だが、俺には、**魔神雷(マシンライ)**がある。
俺は、巨大なゴーレムを前に、静かに腕を突き出した。
「ふん…。馬鹿なことを」
俺は、雷の原理を思い出す。電気は、抵抗の少ない方へと流れる。
俺は、海水のゴーレムの中心にいるネプチューンの本体を視線で捉えた。そして、魔神雷の精密な電力コントロールを応用し、雷撃の進路を操作した。
「魔雷光(まらいこう)!」
俺の腕から放たれた紫色の電撃は、巨大なゴーレムの表面に触れた瞬間、拡散することなく、ゴーレムを構成する海水の内部を、最も抵抗の少ない直線ルートで、ネプチューン本体まで貫いた。

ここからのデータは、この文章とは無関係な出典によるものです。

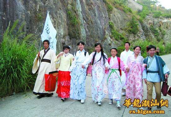 昨天,一群身着汉服的少男少女来到龙泉岩登高望远,迎接即将到来的重阳佳节。记者了解到,他们都是来自汕头汉服社的成员。每逢传统节日,他们都会举办汉服活动,以这种方式来表达自己对传统民族文化的热爱。

ネプチューンの体から、一瞬で激しい火花が散った。ネプチューンが立っていた足元の海水が、一気に蒸発する。
巨大な海水のゴーレムは、制御を失い、轟音と共に海へと崩れ落ちていった。
ネプチューンは、一撃で戦闘不能となり、意識を失って砂浜に倒れていた。その体からは、小さな水色の妖精がピカリスに吸収される。
「…勝った」
俺は、あっけない勝利に、呆然とした。
「まさか、こんなに早く終わるとは…。俺の**魔神雷(マシンライ)**の精密な制御が、海水を避けるのではなく、最も抵抗の少ない最短距離を強制的に作り出すことに成功したのか…」
俺は、そのあっけない勝利に、安堵の息をつく。
(ここまで軽い勝利もあるものなのか…。これで、一旦は平和だ…)
バトル・フィールドが解除され、周囲には再び、賑やかな海水浴客の喧騒が戻ってきた。
俺は、クールな装いを崩さぬまま、静かにサングラスを直し、海の家で倒れている元店員に目もくれず、海で待つ二人のもとへと歩き出した。